* **Your objective**
Return, word for word, only the lines of the data below that lie between the line with "また、ジュリアとステルヴィオ" and the line with "Den lune hygge", those two lines included.

(Items from a data source)
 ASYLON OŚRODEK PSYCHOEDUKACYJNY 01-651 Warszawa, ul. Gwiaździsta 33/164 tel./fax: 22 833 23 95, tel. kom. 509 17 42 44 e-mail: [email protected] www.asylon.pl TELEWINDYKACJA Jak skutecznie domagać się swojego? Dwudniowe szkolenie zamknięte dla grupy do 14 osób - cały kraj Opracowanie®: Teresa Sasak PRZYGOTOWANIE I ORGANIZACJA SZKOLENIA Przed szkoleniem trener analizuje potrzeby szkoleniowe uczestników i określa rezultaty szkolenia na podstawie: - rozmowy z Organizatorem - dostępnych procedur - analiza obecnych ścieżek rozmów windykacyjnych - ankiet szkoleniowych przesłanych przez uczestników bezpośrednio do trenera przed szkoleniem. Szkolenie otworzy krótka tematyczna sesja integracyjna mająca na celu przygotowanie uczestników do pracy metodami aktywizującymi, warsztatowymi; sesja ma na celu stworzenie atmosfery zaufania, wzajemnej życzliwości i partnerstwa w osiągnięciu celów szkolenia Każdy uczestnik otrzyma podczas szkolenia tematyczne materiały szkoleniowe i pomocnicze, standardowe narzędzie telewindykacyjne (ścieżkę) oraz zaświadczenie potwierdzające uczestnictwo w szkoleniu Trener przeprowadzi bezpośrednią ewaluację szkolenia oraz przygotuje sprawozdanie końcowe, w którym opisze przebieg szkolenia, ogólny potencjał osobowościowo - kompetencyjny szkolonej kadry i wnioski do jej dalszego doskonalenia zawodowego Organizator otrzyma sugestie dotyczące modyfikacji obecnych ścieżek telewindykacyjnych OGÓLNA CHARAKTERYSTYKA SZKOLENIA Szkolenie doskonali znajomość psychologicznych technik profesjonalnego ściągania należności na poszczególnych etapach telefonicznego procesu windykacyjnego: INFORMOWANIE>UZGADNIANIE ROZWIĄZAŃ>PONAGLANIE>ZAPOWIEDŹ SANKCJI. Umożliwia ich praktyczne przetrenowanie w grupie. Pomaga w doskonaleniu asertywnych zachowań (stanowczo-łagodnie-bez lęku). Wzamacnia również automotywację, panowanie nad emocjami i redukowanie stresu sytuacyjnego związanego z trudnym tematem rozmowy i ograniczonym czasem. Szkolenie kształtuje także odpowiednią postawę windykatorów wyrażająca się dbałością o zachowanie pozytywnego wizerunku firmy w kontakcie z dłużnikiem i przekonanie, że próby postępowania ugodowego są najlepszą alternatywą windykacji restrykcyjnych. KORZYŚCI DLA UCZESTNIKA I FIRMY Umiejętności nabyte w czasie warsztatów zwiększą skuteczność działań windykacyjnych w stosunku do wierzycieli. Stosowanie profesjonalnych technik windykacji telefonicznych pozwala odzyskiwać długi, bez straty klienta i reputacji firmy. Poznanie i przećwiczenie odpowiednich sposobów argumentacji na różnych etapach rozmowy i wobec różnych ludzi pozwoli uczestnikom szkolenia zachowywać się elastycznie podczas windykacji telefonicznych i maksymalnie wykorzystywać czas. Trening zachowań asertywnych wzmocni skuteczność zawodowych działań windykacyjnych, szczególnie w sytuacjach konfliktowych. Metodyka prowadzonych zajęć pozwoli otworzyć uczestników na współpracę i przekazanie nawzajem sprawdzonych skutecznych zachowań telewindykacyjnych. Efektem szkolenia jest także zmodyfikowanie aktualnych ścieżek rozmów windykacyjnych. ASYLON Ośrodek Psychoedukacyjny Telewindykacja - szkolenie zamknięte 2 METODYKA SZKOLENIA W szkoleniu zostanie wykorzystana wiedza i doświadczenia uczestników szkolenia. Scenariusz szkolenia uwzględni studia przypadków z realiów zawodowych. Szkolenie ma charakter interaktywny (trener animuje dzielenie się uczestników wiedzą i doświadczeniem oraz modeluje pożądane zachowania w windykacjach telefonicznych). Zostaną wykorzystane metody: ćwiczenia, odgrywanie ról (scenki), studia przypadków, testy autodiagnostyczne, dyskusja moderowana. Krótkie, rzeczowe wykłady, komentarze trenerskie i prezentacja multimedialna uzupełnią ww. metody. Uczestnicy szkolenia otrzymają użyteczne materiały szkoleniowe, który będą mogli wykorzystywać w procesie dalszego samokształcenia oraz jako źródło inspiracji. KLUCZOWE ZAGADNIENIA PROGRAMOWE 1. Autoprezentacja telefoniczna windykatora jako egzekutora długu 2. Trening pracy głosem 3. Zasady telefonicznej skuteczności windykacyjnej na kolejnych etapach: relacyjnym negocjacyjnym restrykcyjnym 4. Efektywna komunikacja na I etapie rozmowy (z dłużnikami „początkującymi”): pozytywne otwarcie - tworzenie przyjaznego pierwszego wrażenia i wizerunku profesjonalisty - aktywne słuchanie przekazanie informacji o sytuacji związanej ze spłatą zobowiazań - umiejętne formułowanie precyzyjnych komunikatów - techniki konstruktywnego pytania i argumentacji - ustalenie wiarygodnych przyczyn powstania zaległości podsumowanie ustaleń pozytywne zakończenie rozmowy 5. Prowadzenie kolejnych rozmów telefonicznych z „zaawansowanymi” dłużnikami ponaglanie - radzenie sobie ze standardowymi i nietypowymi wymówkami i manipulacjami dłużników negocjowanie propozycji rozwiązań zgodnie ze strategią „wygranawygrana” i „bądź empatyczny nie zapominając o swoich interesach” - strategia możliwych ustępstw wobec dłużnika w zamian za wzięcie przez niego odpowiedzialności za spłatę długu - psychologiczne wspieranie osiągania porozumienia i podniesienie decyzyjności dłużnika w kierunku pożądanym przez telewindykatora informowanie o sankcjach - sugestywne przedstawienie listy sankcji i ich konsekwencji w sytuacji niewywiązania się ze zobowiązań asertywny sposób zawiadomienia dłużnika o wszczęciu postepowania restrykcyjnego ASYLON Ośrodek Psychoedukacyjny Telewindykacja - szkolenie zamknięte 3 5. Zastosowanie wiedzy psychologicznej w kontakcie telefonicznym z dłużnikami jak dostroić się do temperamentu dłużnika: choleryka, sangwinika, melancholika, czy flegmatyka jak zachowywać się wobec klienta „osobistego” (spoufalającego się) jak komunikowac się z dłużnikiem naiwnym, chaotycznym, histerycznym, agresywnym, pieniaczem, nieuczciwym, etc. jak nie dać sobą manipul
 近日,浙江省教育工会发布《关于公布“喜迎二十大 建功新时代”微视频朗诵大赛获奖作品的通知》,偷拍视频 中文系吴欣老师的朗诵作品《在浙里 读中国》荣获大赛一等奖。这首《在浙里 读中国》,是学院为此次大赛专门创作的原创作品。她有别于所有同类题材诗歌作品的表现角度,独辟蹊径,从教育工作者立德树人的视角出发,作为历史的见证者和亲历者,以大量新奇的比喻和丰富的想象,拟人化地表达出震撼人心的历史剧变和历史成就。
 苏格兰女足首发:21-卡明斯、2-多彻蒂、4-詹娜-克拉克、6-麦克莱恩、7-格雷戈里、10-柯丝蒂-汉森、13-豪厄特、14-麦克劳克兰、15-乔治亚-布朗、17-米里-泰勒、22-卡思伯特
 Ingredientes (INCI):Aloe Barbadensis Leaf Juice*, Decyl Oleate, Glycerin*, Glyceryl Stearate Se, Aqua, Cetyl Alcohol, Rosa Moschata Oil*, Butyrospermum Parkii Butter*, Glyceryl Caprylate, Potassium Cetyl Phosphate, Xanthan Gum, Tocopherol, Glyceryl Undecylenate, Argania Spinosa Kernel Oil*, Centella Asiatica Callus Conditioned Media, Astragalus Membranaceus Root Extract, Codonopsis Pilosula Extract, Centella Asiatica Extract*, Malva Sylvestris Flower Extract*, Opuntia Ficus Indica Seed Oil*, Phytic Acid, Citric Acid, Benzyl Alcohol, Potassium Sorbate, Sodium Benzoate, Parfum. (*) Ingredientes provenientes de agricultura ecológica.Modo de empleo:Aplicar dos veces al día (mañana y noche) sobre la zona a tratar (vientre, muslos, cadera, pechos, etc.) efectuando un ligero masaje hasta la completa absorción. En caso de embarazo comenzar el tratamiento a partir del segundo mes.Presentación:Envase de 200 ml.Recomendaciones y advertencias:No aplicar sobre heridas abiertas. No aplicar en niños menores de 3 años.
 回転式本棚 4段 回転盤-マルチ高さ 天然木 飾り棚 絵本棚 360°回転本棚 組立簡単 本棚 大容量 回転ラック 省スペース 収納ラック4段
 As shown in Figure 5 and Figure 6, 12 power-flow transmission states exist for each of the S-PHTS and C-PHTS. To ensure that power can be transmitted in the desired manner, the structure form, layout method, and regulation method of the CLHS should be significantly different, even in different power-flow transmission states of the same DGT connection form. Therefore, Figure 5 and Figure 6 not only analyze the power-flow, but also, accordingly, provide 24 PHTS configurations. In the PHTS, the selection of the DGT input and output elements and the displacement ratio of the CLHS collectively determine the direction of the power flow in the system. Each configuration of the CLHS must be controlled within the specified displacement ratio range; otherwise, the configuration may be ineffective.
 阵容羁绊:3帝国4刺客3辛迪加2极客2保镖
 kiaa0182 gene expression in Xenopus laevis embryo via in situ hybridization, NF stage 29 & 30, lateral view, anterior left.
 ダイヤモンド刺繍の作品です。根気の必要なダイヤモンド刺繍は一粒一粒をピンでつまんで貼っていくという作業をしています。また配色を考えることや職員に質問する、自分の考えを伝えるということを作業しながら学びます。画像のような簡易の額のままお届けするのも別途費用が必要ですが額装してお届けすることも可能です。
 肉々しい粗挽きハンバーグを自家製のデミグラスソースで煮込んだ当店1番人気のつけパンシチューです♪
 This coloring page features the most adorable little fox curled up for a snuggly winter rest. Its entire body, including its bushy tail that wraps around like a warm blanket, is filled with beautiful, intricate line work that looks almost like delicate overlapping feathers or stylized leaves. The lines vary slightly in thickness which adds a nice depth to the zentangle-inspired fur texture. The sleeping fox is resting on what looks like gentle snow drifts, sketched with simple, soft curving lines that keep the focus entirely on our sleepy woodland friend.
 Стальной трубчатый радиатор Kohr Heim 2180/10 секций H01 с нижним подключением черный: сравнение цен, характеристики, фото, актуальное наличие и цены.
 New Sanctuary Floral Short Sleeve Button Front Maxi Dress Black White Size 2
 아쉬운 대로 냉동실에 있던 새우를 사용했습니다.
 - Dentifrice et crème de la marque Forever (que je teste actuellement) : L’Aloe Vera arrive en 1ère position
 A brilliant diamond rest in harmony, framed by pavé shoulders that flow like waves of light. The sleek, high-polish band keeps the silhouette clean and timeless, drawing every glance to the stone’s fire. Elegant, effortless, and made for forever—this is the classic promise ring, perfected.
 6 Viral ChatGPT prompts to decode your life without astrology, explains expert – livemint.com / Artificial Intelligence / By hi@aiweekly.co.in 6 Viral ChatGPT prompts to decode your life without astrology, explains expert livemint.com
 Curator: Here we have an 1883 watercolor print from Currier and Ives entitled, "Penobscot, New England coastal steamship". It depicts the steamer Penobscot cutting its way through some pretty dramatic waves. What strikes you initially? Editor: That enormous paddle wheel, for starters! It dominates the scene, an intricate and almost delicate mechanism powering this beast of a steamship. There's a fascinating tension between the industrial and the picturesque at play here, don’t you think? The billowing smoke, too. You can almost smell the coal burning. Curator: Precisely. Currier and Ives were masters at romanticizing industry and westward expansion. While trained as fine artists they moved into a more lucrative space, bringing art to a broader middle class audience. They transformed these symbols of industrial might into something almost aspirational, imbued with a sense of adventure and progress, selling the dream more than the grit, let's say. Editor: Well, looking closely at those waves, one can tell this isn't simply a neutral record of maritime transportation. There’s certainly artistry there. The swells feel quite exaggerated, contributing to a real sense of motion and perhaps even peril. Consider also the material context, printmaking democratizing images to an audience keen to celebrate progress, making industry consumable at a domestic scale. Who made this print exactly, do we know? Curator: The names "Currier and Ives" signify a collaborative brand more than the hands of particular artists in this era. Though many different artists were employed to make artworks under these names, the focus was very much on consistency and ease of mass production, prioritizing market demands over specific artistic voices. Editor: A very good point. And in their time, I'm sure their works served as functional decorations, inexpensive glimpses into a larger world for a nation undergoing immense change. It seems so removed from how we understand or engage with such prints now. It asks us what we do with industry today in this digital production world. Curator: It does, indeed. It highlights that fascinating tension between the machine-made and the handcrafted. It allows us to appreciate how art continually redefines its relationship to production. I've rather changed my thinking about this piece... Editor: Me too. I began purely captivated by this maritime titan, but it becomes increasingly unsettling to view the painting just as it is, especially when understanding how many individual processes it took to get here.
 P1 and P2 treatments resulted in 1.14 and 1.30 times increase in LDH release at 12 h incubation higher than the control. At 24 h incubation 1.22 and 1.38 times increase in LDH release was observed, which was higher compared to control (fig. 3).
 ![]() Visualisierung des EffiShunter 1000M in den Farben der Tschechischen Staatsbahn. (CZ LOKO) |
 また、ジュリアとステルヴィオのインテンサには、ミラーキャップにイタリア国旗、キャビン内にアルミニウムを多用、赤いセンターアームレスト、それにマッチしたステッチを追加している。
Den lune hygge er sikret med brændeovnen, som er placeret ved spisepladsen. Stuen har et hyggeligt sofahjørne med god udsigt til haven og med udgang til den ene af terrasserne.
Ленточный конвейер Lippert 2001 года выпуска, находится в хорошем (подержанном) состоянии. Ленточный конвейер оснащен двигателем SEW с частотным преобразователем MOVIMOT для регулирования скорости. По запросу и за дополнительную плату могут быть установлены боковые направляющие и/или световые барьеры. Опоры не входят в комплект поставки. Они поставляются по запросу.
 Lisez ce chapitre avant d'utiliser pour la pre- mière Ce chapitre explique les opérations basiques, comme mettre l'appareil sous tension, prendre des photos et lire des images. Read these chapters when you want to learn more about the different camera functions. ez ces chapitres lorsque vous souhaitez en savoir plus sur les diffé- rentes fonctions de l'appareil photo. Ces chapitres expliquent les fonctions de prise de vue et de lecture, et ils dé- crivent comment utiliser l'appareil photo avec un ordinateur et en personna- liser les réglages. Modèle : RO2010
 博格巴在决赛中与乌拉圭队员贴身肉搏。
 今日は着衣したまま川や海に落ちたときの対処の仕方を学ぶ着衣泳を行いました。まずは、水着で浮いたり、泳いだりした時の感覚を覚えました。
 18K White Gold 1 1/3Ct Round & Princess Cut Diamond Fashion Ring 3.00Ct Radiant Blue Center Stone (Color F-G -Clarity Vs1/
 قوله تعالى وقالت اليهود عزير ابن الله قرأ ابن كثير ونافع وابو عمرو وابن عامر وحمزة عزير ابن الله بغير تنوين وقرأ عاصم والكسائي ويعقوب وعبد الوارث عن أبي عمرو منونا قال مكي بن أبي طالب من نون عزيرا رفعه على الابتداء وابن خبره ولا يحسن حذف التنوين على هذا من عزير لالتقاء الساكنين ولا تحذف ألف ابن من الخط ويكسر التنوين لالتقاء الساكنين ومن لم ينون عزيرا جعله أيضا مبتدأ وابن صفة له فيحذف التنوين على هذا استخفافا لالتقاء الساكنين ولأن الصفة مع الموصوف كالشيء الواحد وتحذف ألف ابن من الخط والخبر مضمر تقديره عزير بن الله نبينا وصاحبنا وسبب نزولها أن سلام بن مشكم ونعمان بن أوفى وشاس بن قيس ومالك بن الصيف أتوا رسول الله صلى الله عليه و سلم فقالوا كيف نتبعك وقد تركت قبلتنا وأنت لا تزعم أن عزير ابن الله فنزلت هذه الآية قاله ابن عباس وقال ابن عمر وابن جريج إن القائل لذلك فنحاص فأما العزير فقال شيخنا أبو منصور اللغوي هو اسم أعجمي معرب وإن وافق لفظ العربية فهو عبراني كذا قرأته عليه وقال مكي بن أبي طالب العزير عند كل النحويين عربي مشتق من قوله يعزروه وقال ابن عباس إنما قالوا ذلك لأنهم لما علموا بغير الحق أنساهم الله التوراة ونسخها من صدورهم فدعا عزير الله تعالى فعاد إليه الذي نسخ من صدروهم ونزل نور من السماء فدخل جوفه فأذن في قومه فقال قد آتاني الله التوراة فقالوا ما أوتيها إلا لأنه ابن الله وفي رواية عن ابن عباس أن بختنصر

* **Answer space**
 また、ジュリアとステルヴィオのインテンサには、ミラーキャップにイタリア国旗、キャビン内にアルミニウムを多用、赤いセンターアームレスト、それにマッチしたステッチを追加している。
Den lune hygge er sikret med brændeovnen, som er placeret ved spisepladsen. Stuen har et hyggeligt sofahjørne med god udsigt til haven og med udgang til den ene af terrasserne.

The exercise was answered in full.